It was the Friday before Spring Break and most of us were eager to bug out of town for a couple of weeks but The Spud was packed. A dollar pitcher of beer is a siren song to the impoverished student so Daytona Beach would just have to wait. I pissed away almost ten dollars that night and missed my ride home to Minneapolis altogether.

Walsh Hall was the largest dormitory on campus, housing more than three hundred students, but when I got back from The Spud that night it was eerily vacant. I was shit-faced, bouncing off the walls on the way to my room to pass out, when I ran into the only other soul in the building.

Scotty was the Resident Assistant on our floor and Scotty was a humorless f**k. Each wing of the building had an "R.A." to make sure we didn't have too much fun in college and our boy worked overtime. The annoying little twit wasn't even going home for Spring Break. It was no accident that Scotty Timmons was transferred to the party floor and he relished his situation as the new sheriff in town.
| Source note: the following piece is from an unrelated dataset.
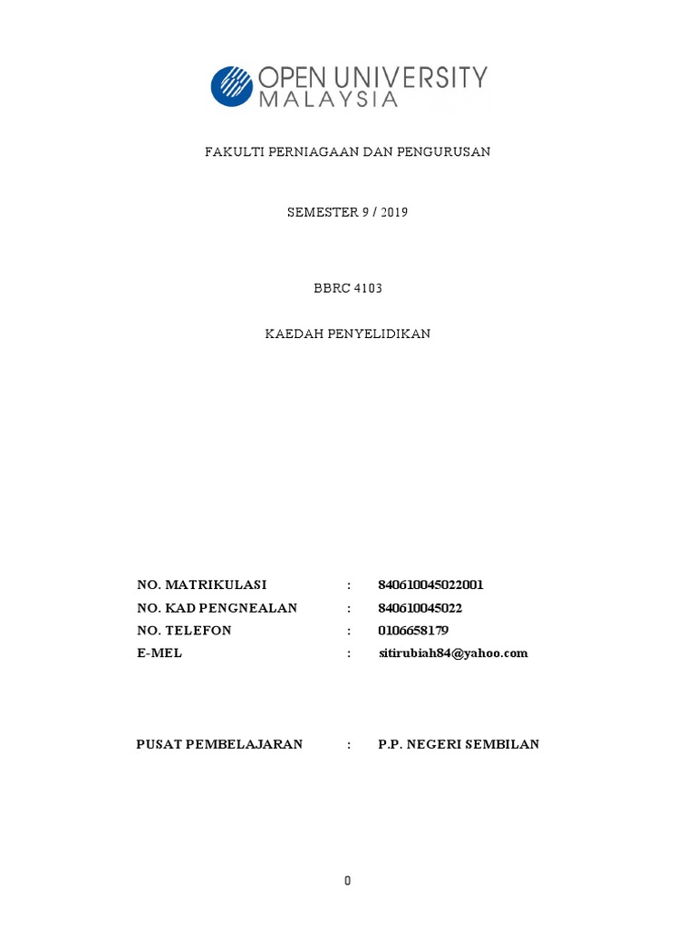 Asignment BBPB2103 V3 - bbpb. BBRC4103 OUM BUSINESS SCHOOL SEMESTER 9 TAHUN 2017 BBRC4103 RESEARCH METHODOLOGY ASSIGNMENT. Kelantan learning centre isi kandungan muka surat.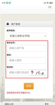 访问安徽工商职业学院网上报名系统,凭身份证号、密码(初始密码为考生号最后六位)和验证码登录报名系统。

My suite mates and I were liberal arts majors with an emphasis on bong technology and beverage consumption, so Scotty focused his redemptive efforts on us. He'd write us up every time he'd catch a whiff of burning rope and he actually called the cops once when we were testing the limits of my roommate's new stereo. How were we to know that Bose 601's could achieve enough bass thrust to dislodge ceiling tiles?

It's humanity's saving grace that all of our wishes aren't granted because we are prone to wish for stupid things. Scotty Timmons was a thorn in my side for more than two years and I often wished the nosy little weasel would come to a bad end.

There is no doubt that Scotty saved my life that night so I'm necessarily ashamed to have ever wished him away.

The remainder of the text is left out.